Abhishek Chauhan wrote:
> mono_delivery_time was added to check if skb->tstamp has delivery
> time in mono clock base (i.e. EDT) otherwise skb->tstamp has
> timestamp in ingress and delivery_time at egress.
>
> Renaming the bitfield from mono_delivery_time to tstamp_type is for
> extensibilty for other timestamps such as userspace timestamp
> (i.e. SO_TXTIME) set via sock opts.
>
> As we are renaming the mono_delivery_time to tstamp_type, it makes
> sense to start assigning tstamp_type based on enum defined
> in this commit.
>
> Earlier we used bool arg flag to check if the tstamp is mono in
> function skb_set_delivery_time, Now the signature of the functions
> accepts tstamp_type to distinguish between mono and real time.
>
> In future tstamp_type:1 can be extended to support userspace timestamp
> by increasing the bitfield.
>
> Link: https://lore.kernel.org/netdev/[email protected]/
> Signed-off-by: Abhishek Chauhan <[email protected]>

> +/**
> + * tstamp_type:1 can take 2 values each
> + * represented by time base in skb
> + * 0x0 => real timestamp_type
> + * 0x1 => mono timestamp_type
> + */
> +enum skb_tstamp_type {
> + SKB_CLOCK_REAL, /* Time base is skb is REALTIME */
> + SKB_CLOCK_MONO, /* Time base is skb is MONOTONIC */
> +};
> +

Can drop the comments. These names are self documenting.

> /**
> * DOC: Basic sk_buff geometry
> *
> @@ -819,7 +830,7 @@ typedef unsigned char *sk_buff_data_t;
> * @dst_pending_confirm: need to confirm neighbour
> * @decrypted: Decrypted SKB
> * @slow_gro: state present at GRO time, slower prepare step required
> - * @mono_delivery_time: When set, skb->tstamp has the
> + * @tstamp_type: When set, skb->tstamp has the
> * delivery_time in mono clock base (i.e.

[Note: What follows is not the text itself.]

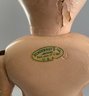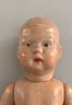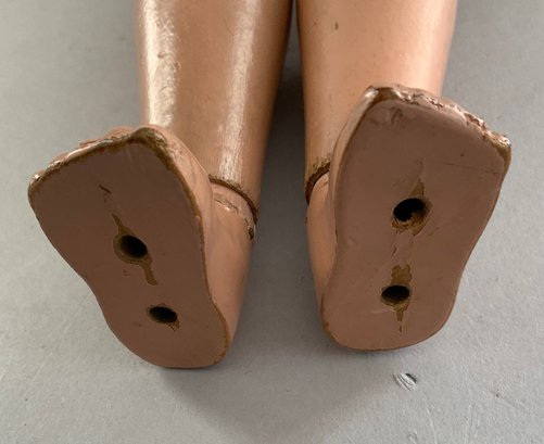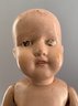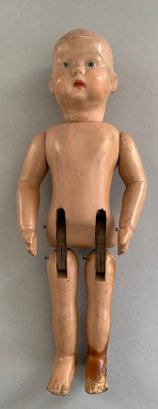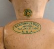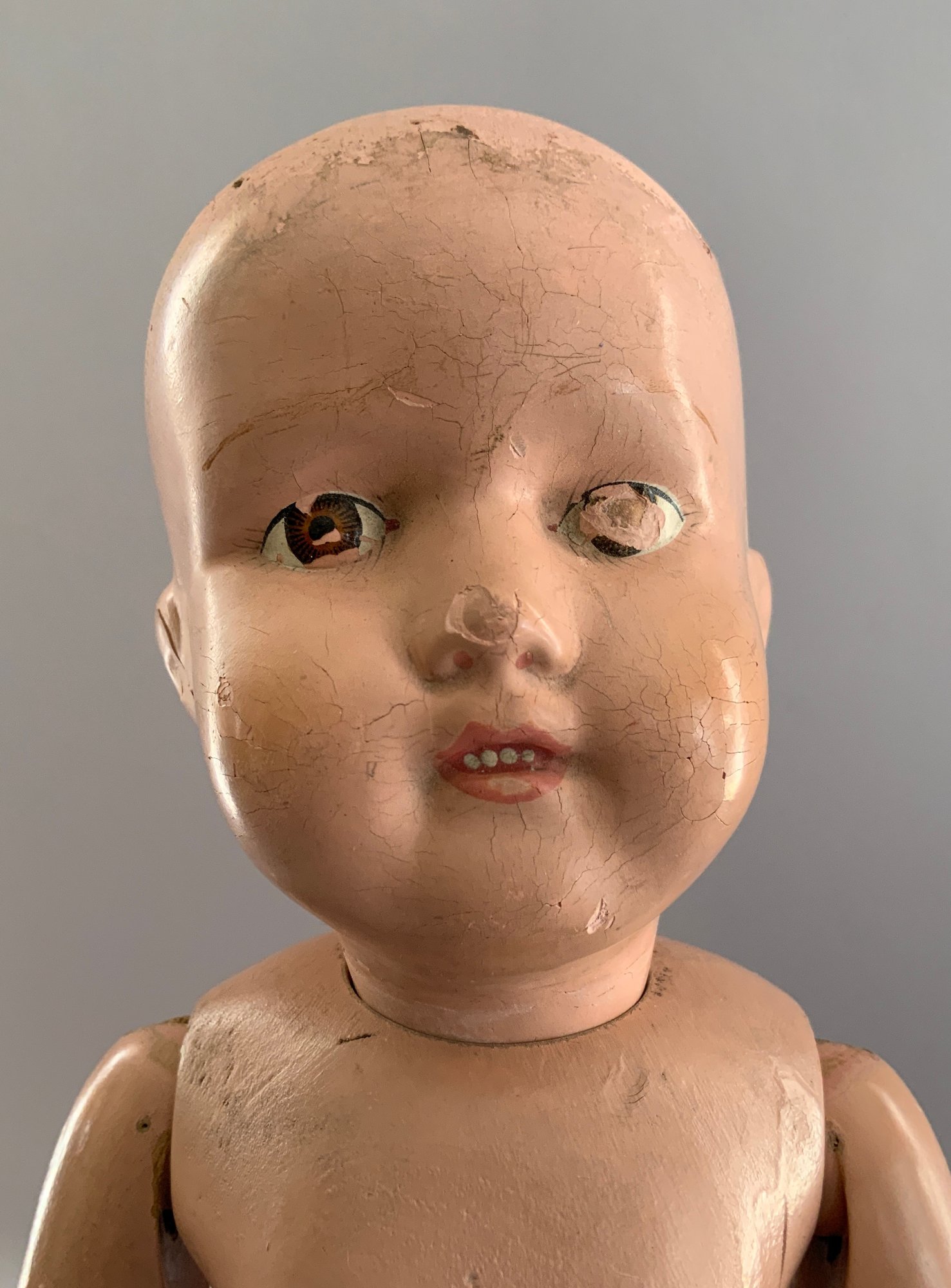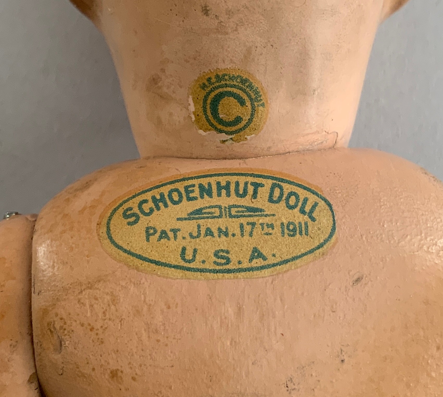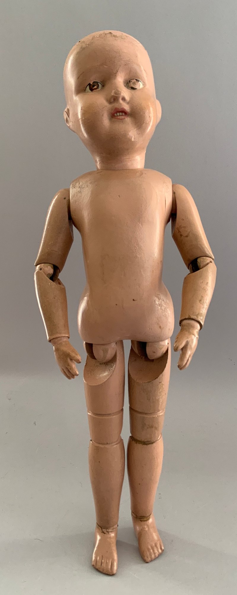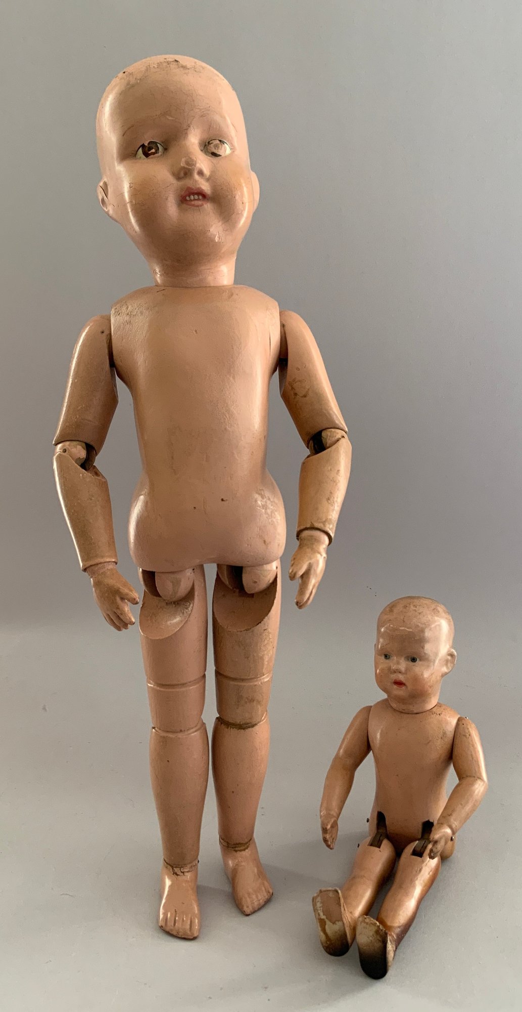 2 – Schoenhuts as found, 1- 19” naked boy, painted features, green oval label & 1 – 10 ½” toddler, straight arms, painted features, round & oval label (pat. 1911) , joint work & stains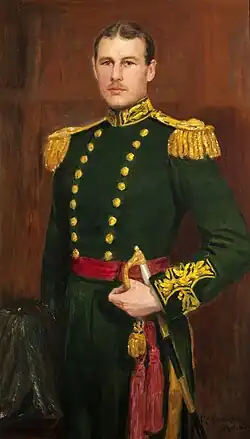 The Rough Riders were established on 27 July 1901 as 1st County of London Imperial Yeomanry (Rough Riders) under the command of Viscount Maitland, promoted to lieutenant-colonel, He saw further active service in the European War of 1914–1918, in which he was wounded. He was appointed OBE in 1919 and succeeded his father in 1924, taking up residence at Thirlestane Castle near Lauder in Scotland.[3]

EDT). Otherwise, the
> * skb->tstamp has the (rcv) timestamp at ingress and
> * delivery_time at egress.

Is this still correct? I think all egress does now annotate correctly
as SKB_CLOCK_MONO. So when not set it always is SKB_CLOCK_REAL.

> diff --git a/net/ipv4/tcp_output.c b/net/ipv4/tcp_output.c
> index 61119d42b0fd..a062f88c47c3 100644
> --- a/net/ipv4/tcp_output.c
> +++ b/net/ipv4/tcp_output.c
> @@ -1300,7 +1300,7 @@ static int __tcp_transmit_skb(struct sock *sk, struct sk_buff *skb,
> tp = tcp_sk(sk);
> prior_wstamp = tp->tcp_wstamp_ns;
> tp->tcp_wstamp_ns = max(tp->tcp_wstamp_ns, tp->tcp_clock_cache);
> - skb_set_delivery_time(skb, tp->tcp_wstamp_ns, true);
> + skb_set_delivery_time(skb, tp->tcp_wstamp_ns, CLOCK_MONOTONIC);

Multiple references to CLOCK_MONOTONIC left




2024-04-18 20:08:36

by Abhishek Chauhan

[permalink] [raw]
Subject: Re: [RFC PATCH bpf-next v4 1/2] net: Rename mono_delivery_time to tstamp_type for scalabilty



On 4/18/2024 11:47 AM, Willem de Bruijn wrote:
> Abhishek Chauhan wrote:
>> mono_delivery_time was added to check if skb->tstamp has delivery
>> time in mono clock base (i.e. EDT) otherwise skb->tstamp has
>> timestamp in ingress and delivery_time at egress.
>>
>> Renaming the bitfield from mono_delivery_time to tstamp_type is for
>> extensibilty for other timestamps such as userspace timestamp
>> (i.e. SO_TXTIME) set via sock opts.
>>
>> As we are renaming the mono_delivery_time to tstamp_type, it makes
>> sense to start assigning tstamp_type based on enum defined
>> in this commit.
>>
>> Earlier we used bool arg flag to check if the tstamp is mono in
>> function skb_set_delivery_time, Now the signature of the functions
>> accepts tstamp_type to distinguish between mono and real time.
>>
>> In future tstamp_type:1 can be extended to support userspace timestamp
>> by increasing the bitfield.
>>
>> Link: https://lore.kernel.org/netdev/[email protected]/
>> Signed-off-by: Abhishek Chauhan <[email protected]>
>
>> +/**
>> + * tstamp_type:1 can take 2 values each
>> + * represented by time base in skb
>> + * 0x0 => real timestamp_type
>> + * 0x1 => mono timestamp_type
>> + */
>> +enum skb_tstamp_type {
>> + SKB_CLOCK_REAL, /* Time base is skb is REALTIME */
>> + SKB_CLOCK_MONO, /* Time base is skb is MONOTONIC */
>> +};
>> +
>
> Can drop the comments. These names are self documenting.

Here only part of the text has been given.